HDFS Features and Goals
The Hadoop Distributed File System (HDFS) is a distributed file system. It is a core part of Hadoop which is used for data storage. It is designed to run on commodity hardware.
Unlike other distributed file system, HDFS is highly fault-tolerant and can be deployed on low-cost hardware. It can easily handle the application that contains large data sets.
Let’s see some of the important features and goals of HDFS.
Features of HDFS
- Highly Scalable - HDFS is highly scalable as it can scale hundreds of nodes in a single cluster.
- Replication - Due to some unfavorable conditions, the node containing the data may be loss. So, to overcome such problems, HDFS always maintains the copy of data on a different machine.
- Fault tolerance - In HDFS, the fault tolerance signifies the robustness of the system in the event of failure. The HDFS is highly fault-tolerant that if any machine fails, the other machine containing the copy of that data automatically become active.

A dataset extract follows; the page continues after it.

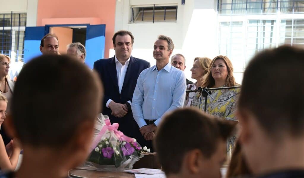 Σε μια αποκλεισμένη περιοχή από πάνοπλους αστυνομικούς οι Μητσοτάκης και Πιερρακάκης . Από το πρωί απώθησαν τους μαχόμενους εκπαιδευτικούς από την είσοδο του σχολείου για να περάσουν ανενόχλητοι.

- Distributed data storage - This is one of the most important features of HDFS that makes Hadoop very powerful. Here, data is divided into multiple blocks and stored into nodes.
- Portable - HDFS is designed in such a way that it can easily portable from platform to another.
Goals of HDFS
- Handling the hardware failure - The HDFS contains multiple server machines. Anyhow, if any machine fails, the HDFS goal is to recover it quickly.
- Streaming data access - The HDFS applications usually run on the general-purpose file system. This application requires streaming access to their data sets.
- Coherence Model - The application that runs on HDFS require to follow the write-once-ready-many approach. So, a file once created need not to be changed. However, it can be appended and truncate.